Well I am not sure but I think, those headers "sql.h" are provided by "dev-db/unixOdbc". Emerge this and try again. unixOdbc is a dependency of openldap, so there shouldn't be a problem.

----------

## Maedhros

Moved from Installing Gentoo to Networking & Security.

----------

## rmdegennaro

 *Arno Nymous wrote:*   

> Well I am not sure but I think, those headers "sql.h" are provided by "dev-db/unixOdbc". Emerge this and try again. unixOdbc is a dependency of openldap, so there shouldn't be a problem.

 

I am very new to Gentoo, and slightly new to Linux.  So I apologize in advance for my bumbling.  I just saw this behaviour as well.  I added a few DBMS entries and LDAP to my USE list.  I did "emerge --update --deep --newuse world" and it kept getting hung up on not finding SQL headers (sql.h) for OpenLDAP.  

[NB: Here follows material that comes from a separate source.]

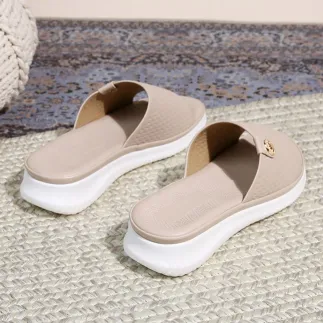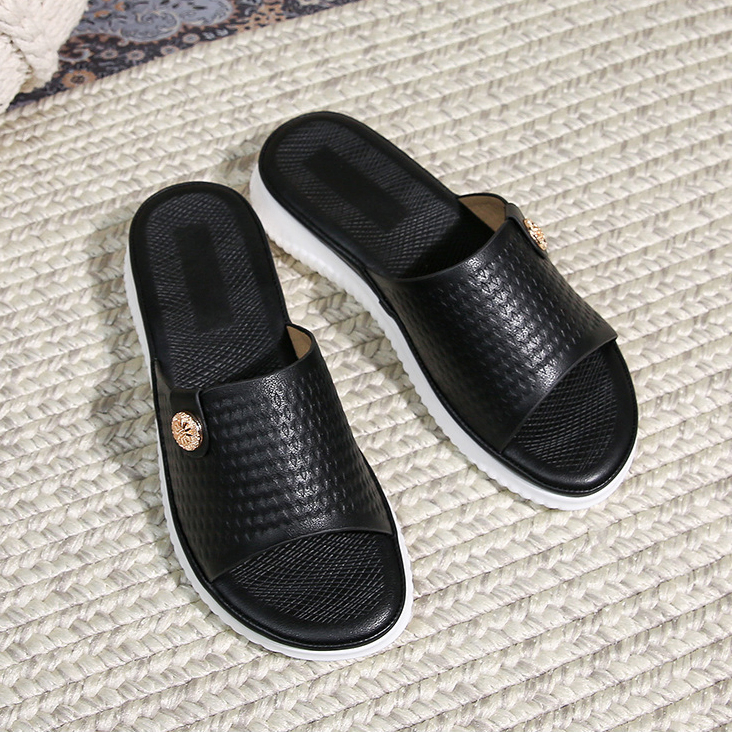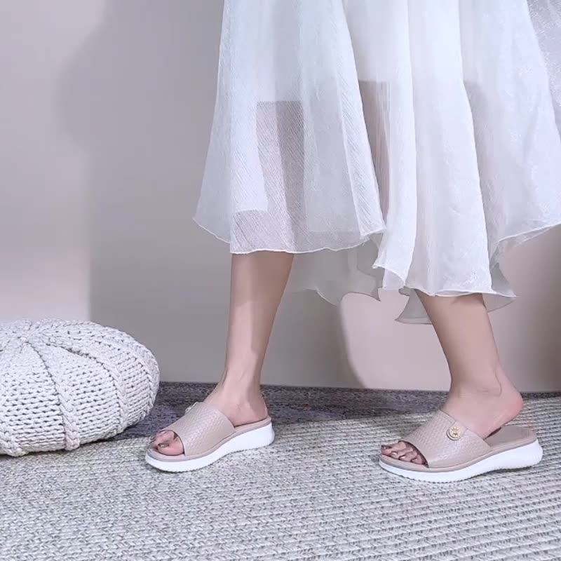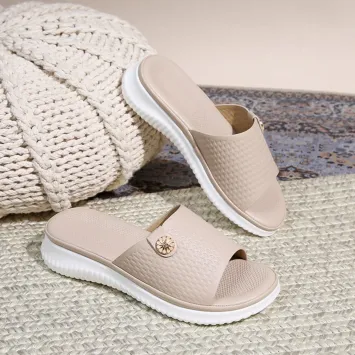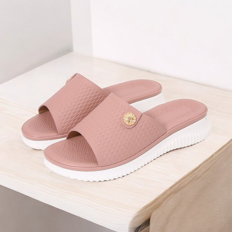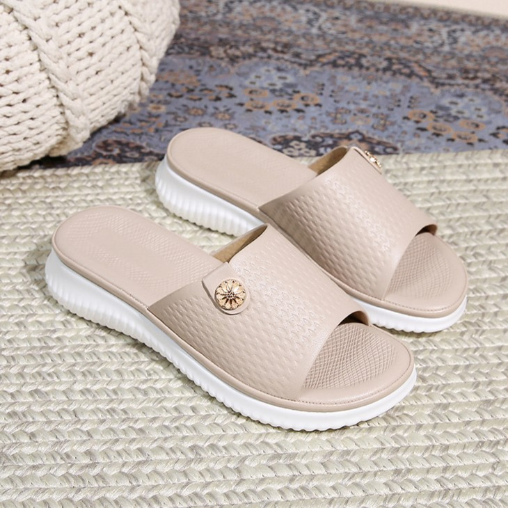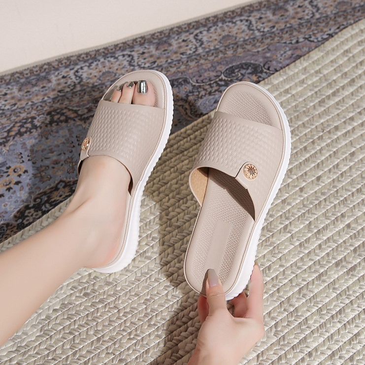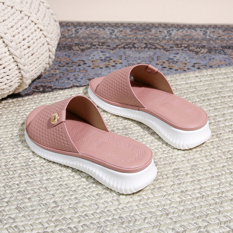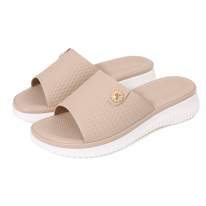 Color: The sandal comes in charming apricot, sleek black, and playful pink.Upper Material: PU leather offers a polished and durable finish.Outsole Material: The TPR sole provides excellent flexibility and grip.Insole Material: PU leather ensures cushioned comfort for all-day wear.Toe Shape: The open toe design adds a breezy and stylish touch.Closure Type: The slip-on design allows for effortless wear and removal.Heel Height: The 4 cm heel height provides a modest lift with lasting comfort.Pattern Type: The solid color pattern delivers a clean and classic look.Features: The sandal features breathability, wear-resistance, a lightweight build, and anti-slip properties for practical and fashionable use.

I then did "emerge openldap", which worked fine.  And then "emerge --update --deep --newuse world" again, and its compiling away without problem now.   

If anyone else is reading this, I would like to learn and know why.  According to the quoted item, I would have thought that unixODBC would be a dependency for OpenLDAP then.  Is that not true?  Also, why did the plain emerge work, but not the "newuse update" emerge?

Thanks,

Ralph

----------